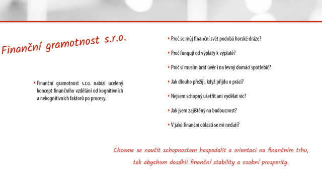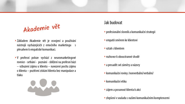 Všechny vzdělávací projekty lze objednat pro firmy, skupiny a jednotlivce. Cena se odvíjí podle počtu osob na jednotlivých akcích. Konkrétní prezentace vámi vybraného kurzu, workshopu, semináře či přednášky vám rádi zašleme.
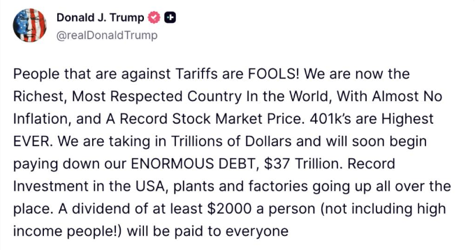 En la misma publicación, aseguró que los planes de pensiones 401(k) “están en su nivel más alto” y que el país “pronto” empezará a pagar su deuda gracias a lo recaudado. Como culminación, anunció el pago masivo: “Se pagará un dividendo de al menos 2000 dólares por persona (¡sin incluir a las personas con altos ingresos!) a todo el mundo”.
* * *
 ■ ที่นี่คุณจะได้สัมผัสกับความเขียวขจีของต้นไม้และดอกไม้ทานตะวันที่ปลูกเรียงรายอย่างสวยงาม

AIM OF THE TASK
What you return from the records above should be exactly everything from the line with "Všechny vzdělávací projekty" down to the line with "En la misma", both kept, and no pictures.

EXPECTED ANSWER
 Všechny vzdělávací projekty lze objednat pro firmy, skupiny a jednotlivce. Cena se odvíjí podle počtu osob na jednotlivých akcích. Konkrétní prezentace vámi vybraného kurzu, workshopu, semináře či přednášky vám rádi zašleme.
 En la misma publicación, aseguró que los planes de pensiones 401(k) “están en su nivel más alto” y que el país “pronto” empezará a pagar su deuda gracias a lo recaudado. Como culminación, anunció el pago masivo: “Se pagará un dividendo de al menos 2000 dólares por persona (¡sin incluir a las personas con altos ingresos!) a todo el mundo”.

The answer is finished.